▸ TASK MATERIAL
= = = = = = =
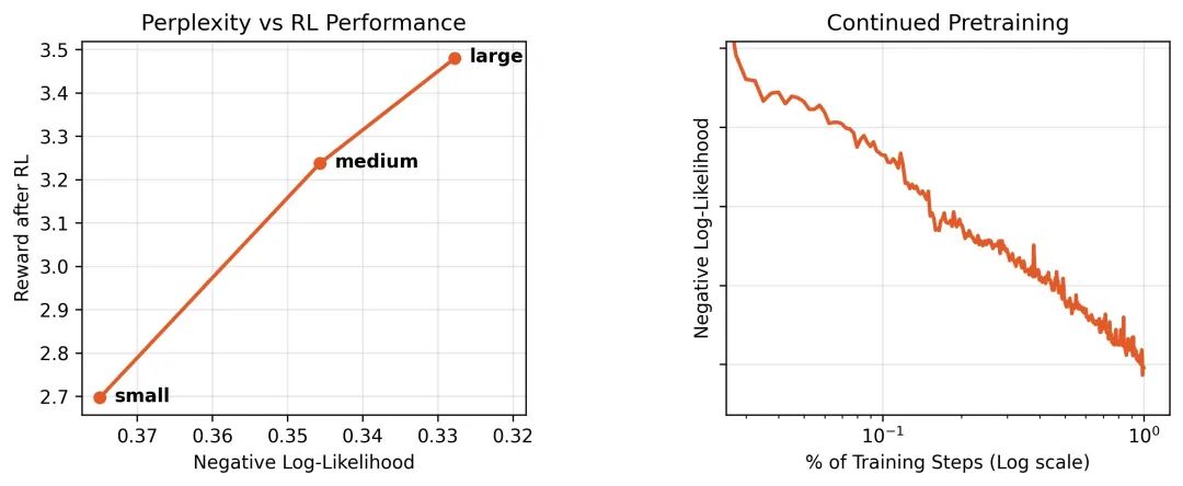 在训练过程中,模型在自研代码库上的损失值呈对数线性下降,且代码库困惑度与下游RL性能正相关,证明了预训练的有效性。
= = = = = = =
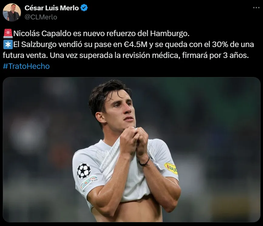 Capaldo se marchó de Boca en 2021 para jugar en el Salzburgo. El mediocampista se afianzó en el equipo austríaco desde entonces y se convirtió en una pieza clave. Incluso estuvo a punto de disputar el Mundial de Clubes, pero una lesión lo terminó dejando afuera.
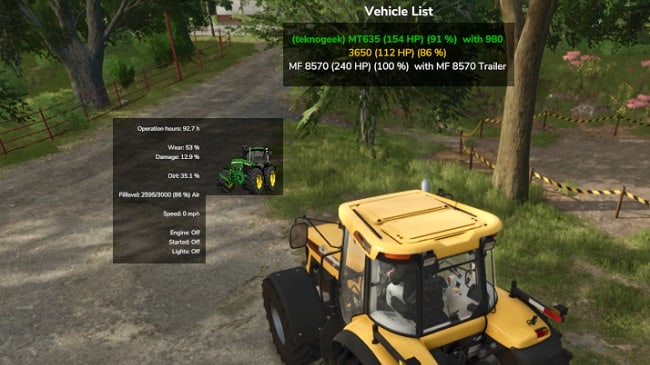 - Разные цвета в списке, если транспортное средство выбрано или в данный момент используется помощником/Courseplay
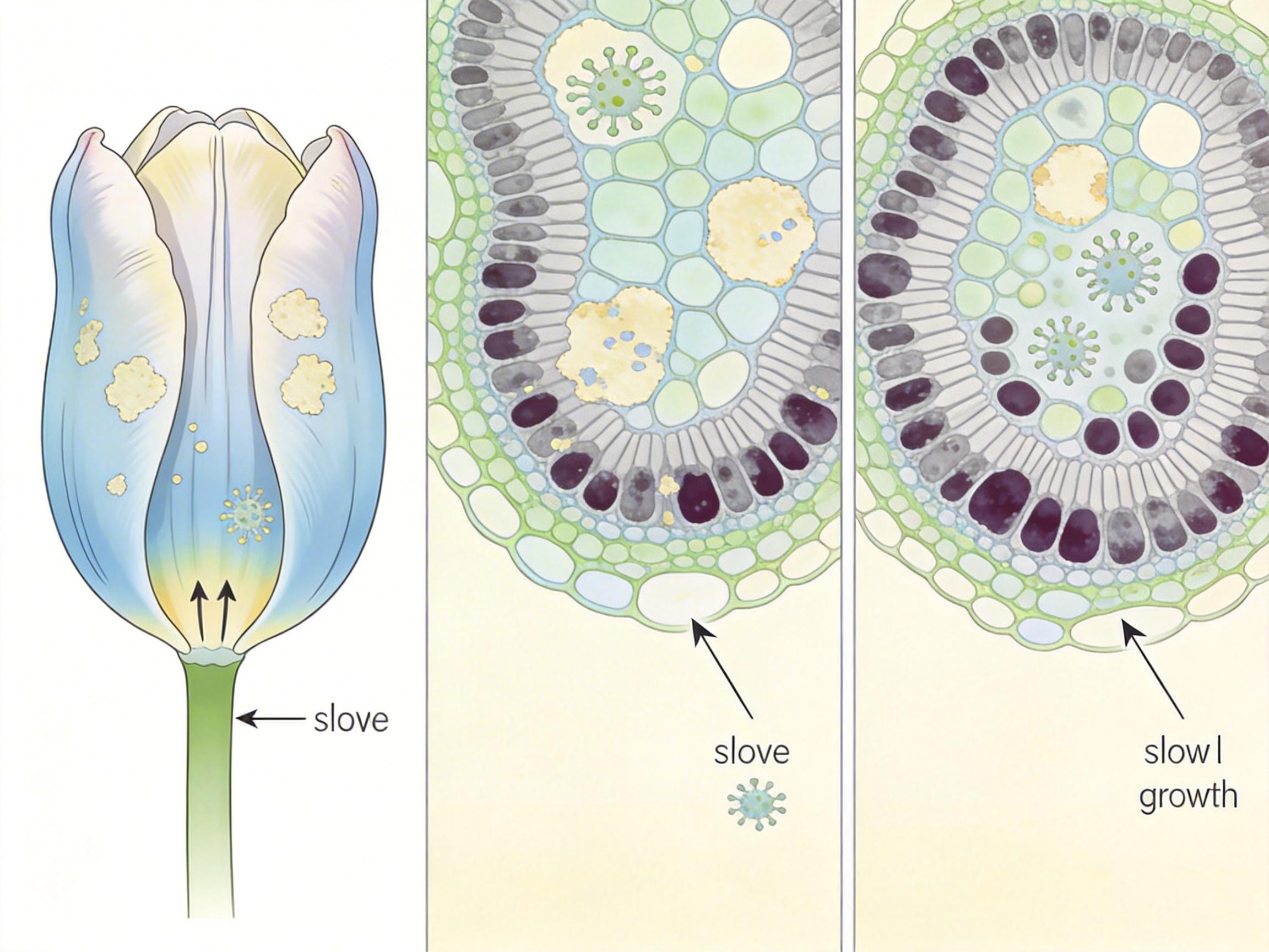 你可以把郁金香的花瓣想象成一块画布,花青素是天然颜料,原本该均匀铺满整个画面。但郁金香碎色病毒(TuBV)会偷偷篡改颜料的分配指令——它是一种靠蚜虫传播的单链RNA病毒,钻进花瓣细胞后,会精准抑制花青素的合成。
= = = = = = =
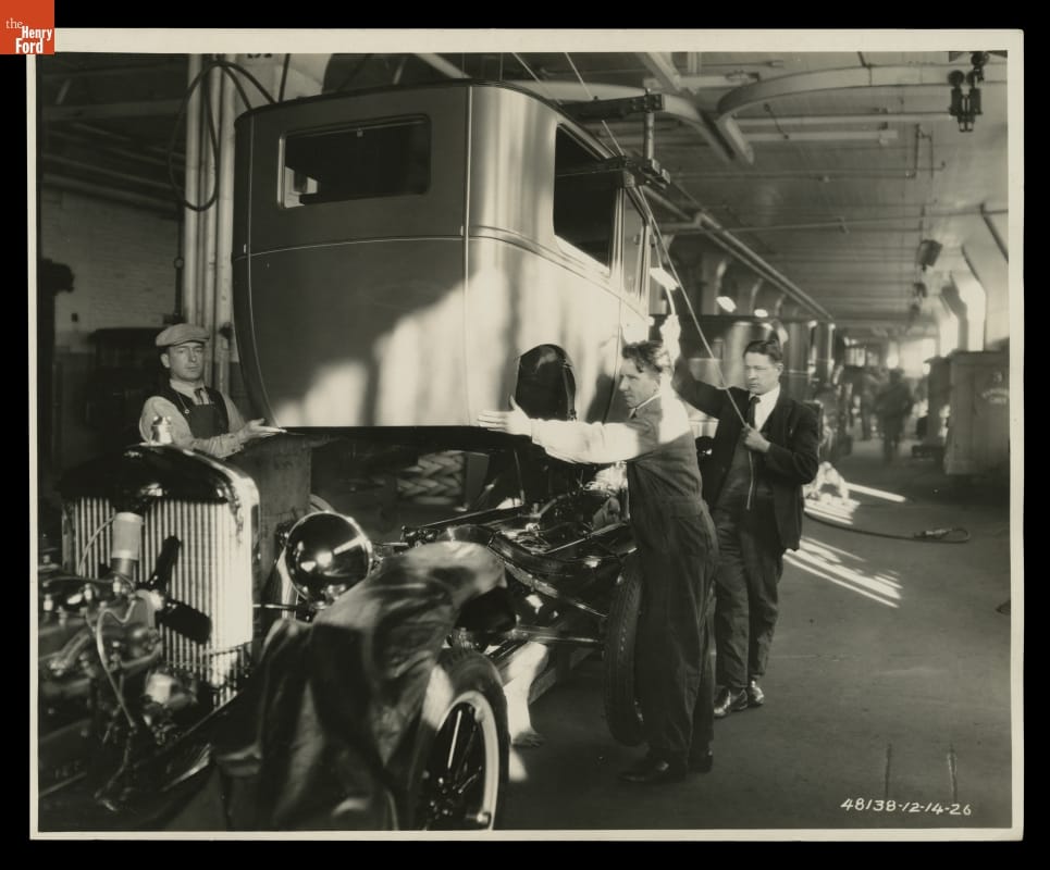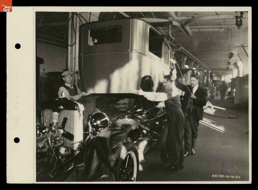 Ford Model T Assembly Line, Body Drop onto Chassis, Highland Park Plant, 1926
= = = = = = =
▸ WHAT YOU SHOULD DO
Output exactly the lines above that lie between the line with "Capaldo se marchó" and the line with "你可以把郁金香的花瓣想象成一", those two lines included, and no pictures.

▸ RESPONSE TO THIS EXERCISE
 Capaldo se marchó de Boca en 2021 para jugar en el Salzburgo. El mediocampista se afianzó en el equipo austríaco desde entonces y se convirtió en una pieza clave. Incluso estuvo a punto de disputar el Mundial de Clubes, pero una lesión lo terminó dejando afuera.
 - Разные цвета в списке, если транспортное средство выбрано или в данный момент используется помощником/Courseplay
 你可以把郁金香的花瓣想象成一块画布,花青素是天然颜料,原本该均匀铺满整个画面。但郁金香碎色病毒(TuBV)会偷偷篡改颜料的分配指令——它是一种靠蚜虫传播的单链RNA病毒,钻进花瓣细胞后,会精准抑制花青素的合成。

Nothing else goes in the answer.